Nigerian Female Engineer

Idiat Aderemi Amusu (born 27 November 1952, in Kano) is a Nigerian engineer. She is the first female agricultural engineer in Nigeria and the first female council member of the Council for the Regulation noof Engineering in Nigeria (COREN). She was among the original founding members of the Association of Professional Women Engineers of Nigeria (APWEN) in 1983. She was also the fourth President of the Association of Professional Women Engineers of Nigeria (APWEN).

==Education==
She attended St Theresa College, Ibadan and Baptist High School, Iwo where she finished her secondary education. She proceeded to University of Nigeria Nsukka and obtained BSc in agricultural engineering in 1977. She graduated with a second class Upper Division and became the first female graduate of agricultural engineering in Nigeria. She later acquired a Postgraduate Diploma and a Masters in Food Science and Technology. She is a Fellow of Nigerian Society of Engineers, Fellow of the Nigerian Institution of Agriculture Engineers and Fellow of the Nigerian Institute of Food Science and Technology.

==Career==
After her graduation, Amusu participated in the mandatory National Youth Service Corps (NYSC) in Ibadan between 1977 and 1978. Thereafter she joined ADFARM Ltd, Alakuko as a general manager. Her duties at the farm involved managing 45 acres of farmland. Between 2007 and 2009, Amusu proceeded on sabbatical at Moshood Abiola Polytechnic, Abeokuta, Ogun State Nigeria.

Amusu taught mathematics and physics at Epe Grammar School, Epe Lagos and subsequently at Our Lady of Apostles Secondary School, Yaba, Lagos. In 1982, she moved to Yaba College of Technology, Lagos where she taught engineering mathematics. Yaba College of Technology is the first tertiary institution in Nigeria. She was the head of the Department of Food Technology from 1996 to 1998. Subsequently, she was elevated to be the pioneer Dean, School of Technology, Yaba College of Technology where she served between 1998 and 2002. She retired as Head of Department of Agricultural Technology, Yaba College of Technology.

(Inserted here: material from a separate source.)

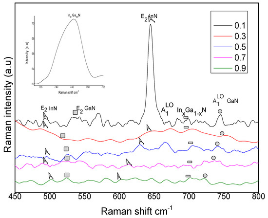 It has been established that the InxGa1−xN thin films exhibit two modes of behavior, i.e., the Raman spectrum consists of the A1LO and E2 lines which vary in frequency between those of the two binary compounds InN and GaN [32]. The Raman measurements of the InxGa1−xN thin films were made at room temperature in the backscattering configuration. The spectrum recorded at the excitation wavelength is λexc = 530 nm. Raman spectra from InxGa1−xN thin films (x = 0.1, 0.3, 0.5, 0.7 and 0.9) are displayed in Figure 8. The InN, GaN and InxGa1−xN are stable in the hexagonal wurtzite phase, in which their scattering at the E2 and A1LO phonons is allowed. The frequency values of GaN at A1LO = 734 cm−1 and E2 = 568 cm−1, 570 cm–1, while the frequency values of the InN A1LO = 586 cm−1, and E2 = 488cm−1. Also, there is a phonon band in the frequency region of the A1LO InxGa1−xN vibrations (700–750 cm–1). The observed behavior of the modes is reported in several previous works [33]. In (x = 0.3, 0.5, 0.7 and 0.9) compositions, there is a shift of the frequency and high broadening due to elastic strain between the thin film and glass substrate, and also due to high Indium content [34].

Amusu has served as a member of the accreditation committee of the National Board for Technical Education that accredited many polytechnics institutions in Nigeria. She has also served as an external assessor to Raw Material Research and Development Council of Nigeria; Lagos State Polytechnics, Technical Journal of the National Board for Technical Education and to the Federal Polytechnics Offa. Amusu is the first female council member of the Council for the Regulation of Engineering in Nigeria. She has also served as a council member of Nigerian Society of Engineers; she is one of the founding members of the Association of Professional Women Engineers in Nigeria (APWEN) and was the fourth President of the Association. She is a Fellow of Nigerian Society of Engineers, Fellow of the Nigerian Institution of Agricultural Engineers and Fellow of the Nigerian Institute of Food Science and Technology. Amusu has a special interest in fabrication and reverse engineering. In 2018, the national body of APWEN honoured her in Abeokuta for her contributions to engineering through its national ‘Invent, in Built’ campaign.

In recognition of her service, the Nigerian Society of Engineers, Ikeja Lagos branch dedicated its annual competition, Project Skill Competition, in her honour. The Skill Competition is organized for secondary schools students in Lagos State. The 2019 competition is held on 15 May 2019 at the Olu Awoyinfa Hall of the Ikeja Branch Secretariat in Lagos.